### RECORDS TO PROCESS
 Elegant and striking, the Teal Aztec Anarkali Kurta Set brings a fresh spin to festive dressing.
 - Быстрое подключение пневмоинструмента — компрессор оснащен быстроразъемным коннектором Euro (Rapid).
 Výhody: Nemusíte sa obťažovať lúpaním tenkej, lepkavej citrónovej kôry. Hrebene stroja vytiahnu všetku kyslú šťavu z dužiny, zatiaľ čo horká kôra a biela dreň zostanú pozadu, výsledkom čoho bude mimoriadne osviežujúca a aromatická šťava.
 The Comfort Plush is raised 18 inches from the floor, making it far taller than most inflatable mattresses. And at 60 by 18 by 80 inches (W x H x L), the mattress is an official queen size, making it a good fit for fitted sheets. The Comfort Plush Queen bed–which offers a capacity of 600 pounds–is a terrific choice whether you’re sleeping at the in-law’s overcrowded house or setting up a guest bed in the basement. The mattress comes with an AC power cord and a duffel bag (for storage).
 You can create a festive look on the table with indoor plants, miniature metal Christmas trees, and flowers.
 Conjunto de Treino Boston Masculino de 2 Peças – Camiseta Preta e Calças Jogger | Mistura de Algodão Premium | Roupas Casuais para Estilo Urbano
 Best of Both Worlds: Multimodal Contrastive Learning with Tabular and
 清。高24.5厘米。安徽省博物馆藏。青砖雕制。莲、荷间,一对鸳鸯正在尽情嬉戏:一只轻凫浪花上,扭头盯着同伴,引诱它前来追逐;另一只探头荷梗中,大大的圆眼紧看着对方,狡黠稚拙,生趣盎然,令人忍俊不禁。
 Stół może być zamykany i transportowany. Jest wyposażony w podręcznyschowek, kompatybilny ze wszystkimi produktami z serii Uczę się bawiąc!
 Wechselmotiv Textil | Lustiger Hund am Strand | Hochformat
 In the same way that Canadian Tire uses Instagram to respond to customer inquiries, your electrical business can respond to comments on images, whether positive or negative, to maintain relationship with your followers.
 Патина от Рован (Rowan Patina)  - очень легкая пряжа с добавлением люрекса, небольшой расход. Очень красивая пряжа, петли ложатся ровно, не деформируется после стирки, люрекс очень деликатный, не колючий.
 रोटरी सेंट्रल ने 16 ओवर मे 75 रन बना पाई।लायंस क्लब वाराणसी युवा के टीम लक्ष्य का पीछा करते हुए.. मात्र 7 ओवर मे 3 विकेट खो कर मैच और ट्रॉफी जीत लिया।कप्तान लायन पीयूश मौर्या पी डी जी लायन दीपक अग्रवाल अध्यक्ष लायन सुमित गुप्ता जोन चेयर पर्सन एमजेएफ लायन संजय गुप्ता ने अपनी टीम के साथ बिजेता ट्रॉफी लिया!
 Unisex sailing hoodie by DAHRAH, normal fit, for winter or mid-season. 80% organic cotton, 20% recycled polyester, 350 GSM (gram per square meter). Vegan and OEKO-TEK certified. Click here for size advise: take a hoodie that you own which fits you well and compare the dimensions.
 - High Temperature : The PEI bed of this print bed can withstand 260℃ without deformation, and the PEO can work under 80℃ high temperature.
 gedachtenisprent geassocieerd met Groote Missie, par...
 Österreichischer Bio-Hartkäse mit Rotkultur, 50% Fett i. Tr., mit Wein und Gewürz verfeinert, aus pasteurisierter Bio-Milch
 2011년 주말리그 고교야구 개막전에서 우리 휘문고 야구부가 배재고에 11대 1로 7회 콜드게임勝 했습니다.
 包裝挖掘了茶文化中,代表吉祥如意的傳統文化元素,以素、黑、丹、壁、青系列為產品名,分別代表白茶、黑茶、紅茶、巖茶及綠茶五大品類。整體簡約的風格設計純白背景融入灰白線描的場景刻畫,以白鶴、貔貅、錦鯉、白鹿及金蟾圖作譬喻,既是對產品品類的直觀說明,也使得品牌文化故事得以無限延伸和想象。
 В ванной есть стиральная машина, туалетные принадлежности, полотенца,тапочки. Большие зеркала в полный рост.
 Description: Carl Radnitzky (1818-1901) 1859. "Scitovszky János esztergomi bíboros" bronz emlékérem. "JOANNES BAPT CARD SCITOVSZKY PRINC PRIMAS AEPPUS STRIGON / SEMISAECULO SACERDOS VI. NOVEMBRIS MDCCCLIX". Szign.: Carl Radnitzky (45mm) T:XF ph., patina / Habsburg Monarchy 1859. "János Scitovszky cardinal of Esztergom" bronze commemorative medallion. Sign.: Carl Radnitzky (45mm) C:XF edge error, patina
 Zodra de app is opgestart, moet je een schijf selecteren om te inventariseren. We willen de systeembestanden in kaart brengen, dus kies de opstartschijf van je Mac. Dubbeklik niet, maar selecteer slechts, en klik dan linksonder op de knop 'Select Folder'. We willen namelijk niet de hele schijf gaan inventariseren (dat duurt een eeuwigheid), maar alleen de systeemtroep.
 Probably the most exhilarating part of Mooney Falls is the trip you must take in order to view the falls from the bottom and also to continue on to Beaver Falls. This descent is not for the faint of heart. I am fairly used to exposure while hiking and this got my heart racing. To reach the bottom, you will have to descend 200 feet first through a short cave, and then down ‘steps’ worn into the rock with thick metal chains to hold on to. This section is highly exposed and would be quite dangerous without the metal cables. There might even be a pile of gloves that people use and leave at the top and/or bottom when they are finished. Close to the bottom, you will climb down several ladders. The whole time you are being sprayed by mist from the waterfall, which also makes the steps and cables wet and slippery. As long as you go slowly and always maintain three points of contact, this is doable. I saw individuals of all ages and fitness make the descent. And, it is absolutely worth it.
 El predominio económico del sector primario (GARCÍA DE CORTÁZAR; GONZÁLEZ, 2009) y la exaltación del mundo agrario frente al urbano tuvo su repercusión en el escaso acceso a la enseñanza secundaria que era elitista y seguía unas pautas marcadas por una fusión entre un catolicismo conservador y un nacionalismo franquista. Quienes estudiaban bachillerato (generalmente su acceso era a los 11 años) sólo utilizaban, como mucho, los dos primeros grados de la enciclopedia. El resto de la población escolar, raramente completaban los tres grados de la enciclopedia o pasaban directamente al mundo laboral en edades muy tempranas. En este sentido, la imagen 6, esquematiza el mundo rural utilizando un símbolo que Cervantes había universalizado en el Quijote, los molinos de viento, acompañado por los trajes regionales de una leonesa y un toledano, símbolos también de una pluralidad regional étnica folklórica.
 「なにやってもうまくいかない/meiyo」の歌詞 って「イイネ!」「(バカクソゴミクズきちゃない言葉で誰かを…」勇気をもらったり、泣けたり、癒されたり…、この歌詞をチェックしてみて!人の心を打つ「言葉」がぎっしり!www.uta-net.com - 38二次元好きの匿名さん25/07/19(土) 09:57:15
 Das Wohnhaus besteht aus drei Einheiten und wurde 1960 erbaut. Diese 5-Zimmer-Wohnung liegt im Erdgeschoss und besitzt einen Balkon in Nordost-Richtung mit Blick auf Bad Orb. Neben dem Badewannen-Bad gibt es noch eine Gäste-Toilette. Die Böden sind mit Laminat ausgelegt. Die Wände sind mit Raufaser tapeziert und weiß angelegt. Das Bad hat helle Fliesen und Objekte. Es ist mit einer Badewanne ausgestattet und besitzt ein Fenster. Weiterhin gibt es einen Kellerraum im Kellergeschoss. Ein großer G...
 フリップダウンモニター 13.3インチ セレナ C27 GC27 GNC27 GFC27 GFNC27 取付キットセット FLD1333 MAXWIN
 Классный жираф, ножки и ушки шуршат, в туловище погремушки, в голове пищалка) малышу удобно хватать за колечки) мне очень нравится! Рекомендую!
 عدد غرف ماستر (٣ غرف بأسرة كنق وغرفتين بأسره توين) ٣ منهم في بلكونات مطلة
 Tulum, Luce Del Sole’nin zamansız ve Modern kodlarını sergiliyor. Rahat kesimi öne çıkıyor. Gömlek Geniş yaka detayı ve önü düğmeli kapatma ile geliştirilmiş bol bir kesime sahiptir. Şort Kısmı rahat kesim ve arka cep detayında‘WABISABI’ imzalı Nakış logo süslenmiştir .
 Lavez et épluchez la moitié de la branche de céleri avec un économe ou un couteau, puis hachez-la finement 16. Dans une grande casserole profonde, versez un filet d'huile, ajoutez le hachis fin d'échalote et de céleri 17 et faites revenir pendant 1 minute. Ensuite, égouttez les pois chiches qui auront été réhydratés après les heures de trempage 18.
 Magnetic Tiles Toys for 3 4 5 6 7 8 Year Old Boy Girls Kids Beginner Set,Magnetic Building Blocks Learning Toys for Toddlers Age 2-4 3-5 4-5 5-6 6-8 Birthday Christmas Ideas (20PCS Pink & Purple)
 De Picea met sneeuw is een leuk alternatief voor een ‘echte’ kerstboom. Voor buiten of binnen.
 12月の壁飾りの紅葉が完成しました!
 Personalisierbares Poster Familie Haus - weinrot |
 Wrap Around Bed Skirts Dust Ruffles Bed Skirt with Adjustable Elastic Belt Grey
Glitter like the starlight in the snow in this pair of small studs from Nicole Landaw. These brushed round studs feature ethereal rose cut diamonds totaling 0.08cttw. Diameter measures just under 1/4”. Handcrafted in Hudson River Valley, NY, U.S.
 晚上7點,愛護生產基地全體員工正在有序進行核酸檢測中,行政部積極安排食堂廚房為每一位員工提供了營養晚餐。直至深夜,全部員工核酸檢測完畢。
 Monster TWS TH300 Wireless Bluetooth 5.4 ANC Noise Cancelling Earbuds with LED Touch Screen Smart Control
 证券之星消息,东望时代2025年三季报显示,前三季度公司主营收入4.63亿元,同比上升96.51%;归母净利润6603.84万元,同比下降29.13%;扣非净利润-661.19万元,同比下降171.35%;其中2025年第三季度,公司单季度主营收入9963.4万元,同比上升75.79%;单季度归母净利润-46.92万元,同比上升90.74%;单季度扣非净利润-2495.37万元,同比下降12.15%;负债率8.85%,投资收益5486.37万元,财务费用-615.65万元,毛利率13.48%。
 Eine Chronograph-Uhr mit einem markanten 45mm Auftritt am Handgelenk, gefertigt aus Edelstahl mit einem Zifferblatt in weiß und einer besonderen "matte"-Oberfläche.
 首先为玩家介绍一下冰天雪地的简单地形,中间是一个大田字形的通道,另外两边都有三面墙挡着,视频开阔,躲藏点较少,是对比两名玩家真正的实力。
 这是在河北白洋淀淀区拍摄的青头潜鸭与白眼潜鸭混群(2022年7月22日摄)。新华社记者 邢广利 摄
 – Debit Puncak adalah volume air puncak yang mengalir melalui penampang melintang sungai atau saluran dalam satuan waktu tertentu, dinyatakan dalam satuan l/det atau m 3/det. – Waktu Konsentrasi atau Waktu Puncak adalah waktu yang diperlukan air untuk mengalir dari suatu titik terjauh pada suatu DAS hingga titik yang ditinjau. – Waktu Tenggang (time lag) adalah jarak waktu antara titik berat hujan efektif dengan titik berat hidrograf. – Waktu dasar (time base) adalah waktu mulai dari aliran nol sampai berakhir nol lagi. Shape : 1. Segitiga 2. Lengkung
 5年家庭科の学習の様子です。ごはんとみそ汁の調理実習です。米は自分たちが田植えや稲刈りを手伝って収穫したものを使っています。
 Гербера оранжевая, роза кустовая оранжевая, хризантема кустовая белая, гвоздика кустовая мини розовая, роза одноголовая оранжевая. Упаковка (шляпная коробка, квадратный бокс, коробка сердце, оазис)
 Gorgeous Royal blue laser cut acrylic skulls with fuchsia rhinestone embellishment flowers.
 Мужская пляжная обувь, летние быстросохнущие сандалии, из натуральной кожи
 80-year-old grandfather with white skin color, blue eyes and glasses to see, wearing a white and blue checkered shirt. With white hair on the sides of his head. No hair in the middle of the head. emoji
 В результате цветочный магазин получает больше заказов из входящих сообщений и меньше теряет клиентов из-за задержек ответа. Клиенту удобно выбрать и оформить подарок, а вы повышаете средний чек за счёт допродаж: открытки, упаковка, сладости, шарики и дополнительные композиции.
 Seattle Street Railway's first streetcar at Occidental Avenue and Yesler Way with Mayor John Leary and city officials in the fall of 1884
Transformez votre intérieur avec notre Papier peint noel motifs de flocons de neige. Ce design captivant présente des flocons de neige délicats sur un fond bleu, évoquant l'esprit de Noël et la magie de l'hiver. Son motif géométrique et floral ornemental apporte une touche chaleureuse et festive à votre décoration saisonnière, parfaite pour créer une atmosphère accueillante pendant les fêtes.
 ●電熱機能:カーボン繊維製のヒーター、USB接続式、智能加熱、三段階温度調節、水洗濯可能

### TASK PROMPT
Check every line above for the string "Christmas", and copy the ones that have it.

### EXERCISE RESULT
 You can create a festive look on the table with indoor plants, miniature metal Christmas trees, and flowers.
 Magnetic Tiles Toys for 3 4 5 6 7 8 Year Old Boy Girls Kids Beginner Set,Magnetic Building Blocks Learning Toys for Toddlers Age 2-4 3-5 4-5 5-6 6-8 Birthday Christmas Ideas (20PCS Pink & Purple)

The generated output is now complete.